Good sales people out there. One should advertise "Your electrical devices are a fire hazard, any installs prior to 2017 need to be torqued properly". Call dave's electric.


----------



## sbrn33 (Mar 15, 2007)

It would be nice if CS would Email his friends at P&S like he did for Milbank.


----------



## Whocares05050 (May 14, 2018)

sbrn33 said:


> I need to buy a few of these. They will never get used but the inspectors are asking so I need to have one on each van. What is everyone using to meet the requirements of this dumb ****ing code?



Say Whaaaaaaaaaaaaaat?


There's a "code' for needing a *torque screwdriver??? .... why?
*


----------



## macmikeman (Jan 23, 2007)

All my receptacle outlets and switches I have ever done were torqued to 6 ft pounds . Always. Forever. Trust me. .............................. .


----------



## Galt (Sep 11, 2013)

mine are 5.43 foot pounds.


----------



## tmessner (Apr 1, 2013)

I can see a real difference between professionals who want to do it right and the others who just collect a check.


----------



## splatz (May 23, 2015)

Just for ****s and giggles I went and set the torque screwdriver to 16 inch pounds and did a receptacle with it. No lie, with a phillips bit, it was camming out before I got to 16 inch pounds. I just picked a junk outlet out of the trash, could be the screw was just garbage. 

With a slotted bit, 16 inch pounds was right about the German torque standard of "Gutentight." 

If I had time to kill I'd rig up something to measure the torque driver and probably screw around some more. Mine is a real good one, cost a bundle years ago, it's very low miles but who knows. 

Hmmmmm...........


----------



## 460 Delta (May 9, 2018)

5” pounds is what a normal man can turn with his thumb and index finger. 
The number jumps to 30 if you also use your middle finger.


----------



## MechanicalDVR (Dec 29, 2007)

I've always had a Klein on the truck and liked it.


----------



## MTW (Aug 28, 2013)

Our inspectors are too busy making up rules to enforce than to enforce actual rules in the NEC.


----------



## Going_Commando (Oct 1, 2011)

Wheeler fat wrench is the cheapest thing going that I have found. I don't even keep mine on the truck. F*** em. I bought one for scope ring screws. 

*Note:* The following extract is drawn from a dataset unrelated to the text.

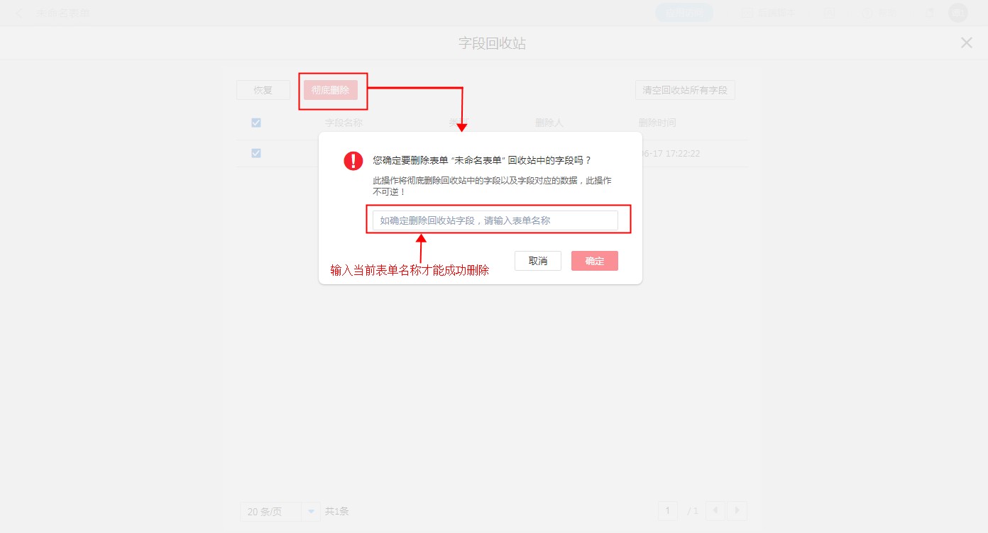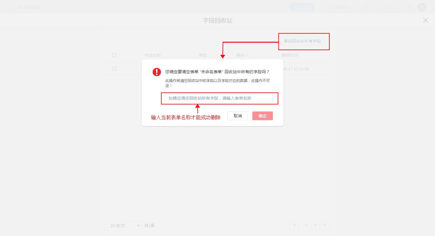 点击【清空回收站所有字段】,会弹出确认弹窗,需要输入表单名称才能成功删除。
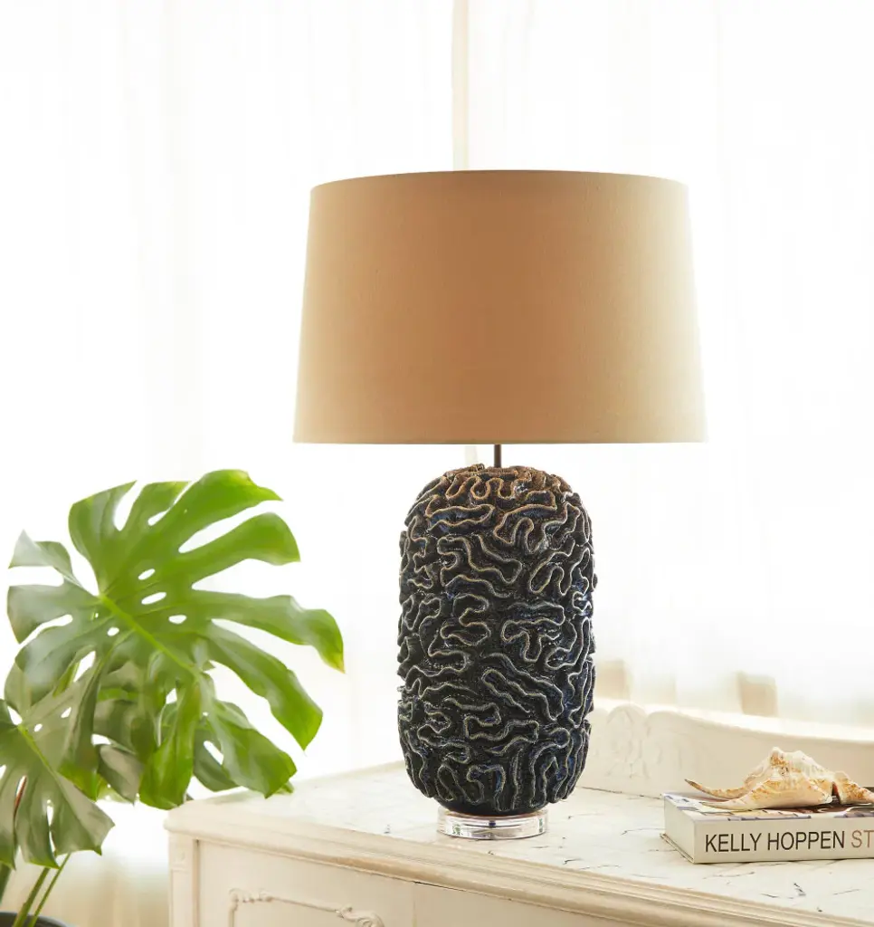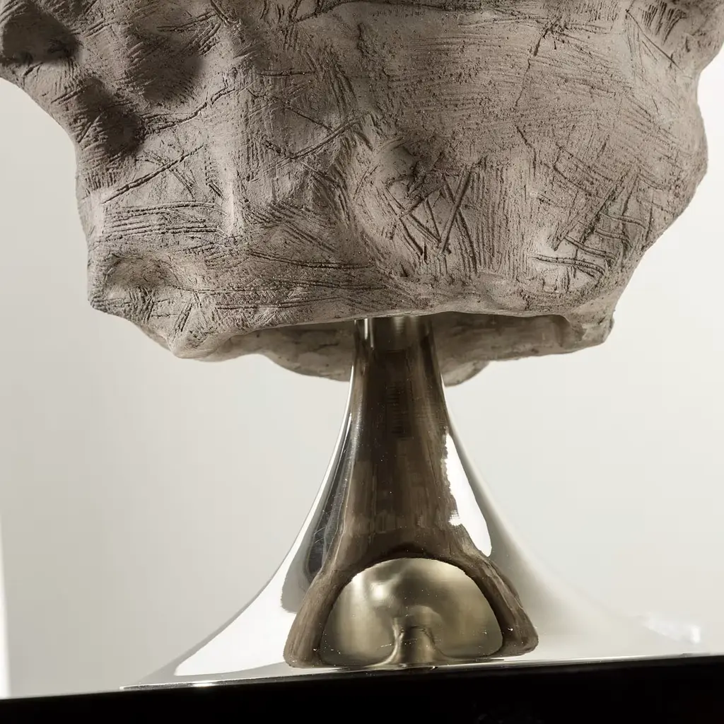 Conceived as a fascinating hybrid between a lamp and a sculpture, this design makes for a superb addition to a sideboard or dresser one wants to enrich with a singular decorative twist. Nickel-finished bronze-casted elements recalling a trumpet flank an irregular mass in refractory ceramic showcased in its unrepeatable texture. A soft-brown chintz shade seals the design.

https://www.amazon.com/Wheeler-Fire...pID=41TwBhkGghL&preST=_SY300_QL70_&dpSrc=srch


----------



## millelec (Nov 20, 2010)

splatz said:


> If you don't care about the precision this is hard to beat, get it right at Home Depot
> 
> https://www.homedepot.com/p/Husky-1-4-in-Hex-Inch-Torque-Screw-Driver-H4DTRQ/204772217
> 
> Lifetime warranty...


Second on this. I've used this one for meter jaws. topic also came up this year during continuing ed for license renewal...


----------



## CTshockhazard (Aug 28, 2009)

There are billions, perhaps trillions, of device screws that have been tightened, sans torque screw driver. Where are the "issues" that made the CMP decide to require their use? And now all of a sudden I'm unprofessional for not embracing the ridiculosity? :vs_laugh:


Much like the AFCI, wasn't necessary before, isn't necessary now.


----------



## MTW (Aug 28, 2013)

CTshockhazard said:


> There are billions, perhaps trillions, of device screws that have been tightened, sans torque screw driver. Where are the "issues" that made the CMP decide to require their use? And now all of a sudden I'm unprofessional for not embracing the ridiculosity? :vs_laugh:
> 
> 
> Much like the AFCI, wasn't necessary before, isn't necessary now.


Not just that, but a similar number of panels and breakers where no torque device was within one mile of it during installation.

The NEC becomes more of a joke with every passing edition.


----------



## 460 Delta (May 9, 2018)

Makes you wonder how the previous generations survived with the ticking time bombs all around them. My personal fav is how my non cat rated 260 Simpson and Sperry snap are lethal. 
I just don’t argue anymore.


----------